After learning some fancy algorithms about palindromes, Chouti found palindromes very interesting, so he wants to challenge you with this problem.
Chouti has got two strings A and B. Since he likes [palindromes](https://en.wikipedia.org/wiki/Palindrome), he would like to pick a as some non-empty palindromic substring of A and b as some non-empty palindromic substring of B. Concatenating them, he will get string ab.

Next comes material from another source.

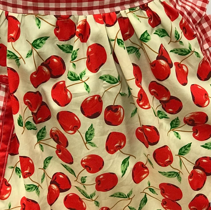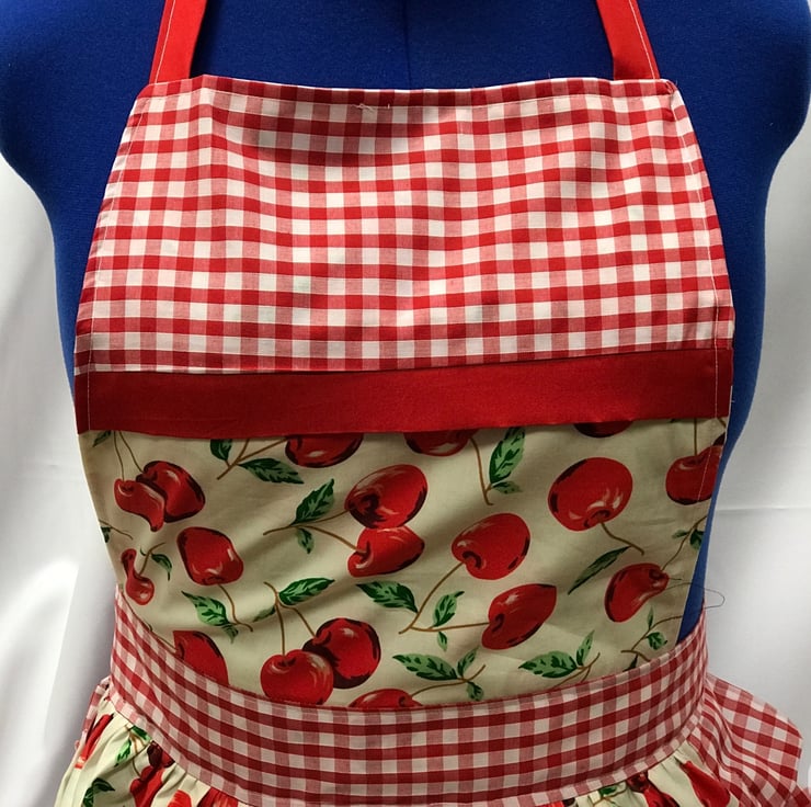 Here we have a lovely cotton rich, ivory and red (cherries pattern) with red and white gingham trim, retro style apron, handmade in house to our own design. (see photos). Adjustable neck and waist ties so will fit up to a size 22.

Chouti thinks strings he could get this way are interesting, so he wants to know how many different strings he can get.
Input
The first line contains a single string A (1 ≤ |A| ≤ 2 ⋅ 10^5).
The second line contains a single string B (1 ≤ |B| ≤ 2 ⋅ 10^5).
Strings A and B contain only lowercase English letters.
Output
The first and only line should contain a single integer — the number of possible strings.
Examples
Input
aa
aba
Output
6
Input
aaba
abaa
Output
15
Note
In the first example, attainable strings are
* "a" + "a" = "aa",
* "aa" + "a" = "aaa",
* "aa" + "aba" = "aaaba",
* "aa" + "b" = "aab",
* "a" + "aba" = "aaba",
* "a" + "b" = "ab".
In the second example, attainable strings are "aa", "aaa", "aaaa", "aaaba", "aab", "aaba", "ab", "abaa", "abaaa", "abaaba", "abab", "ba", "baa", "baba", "bb".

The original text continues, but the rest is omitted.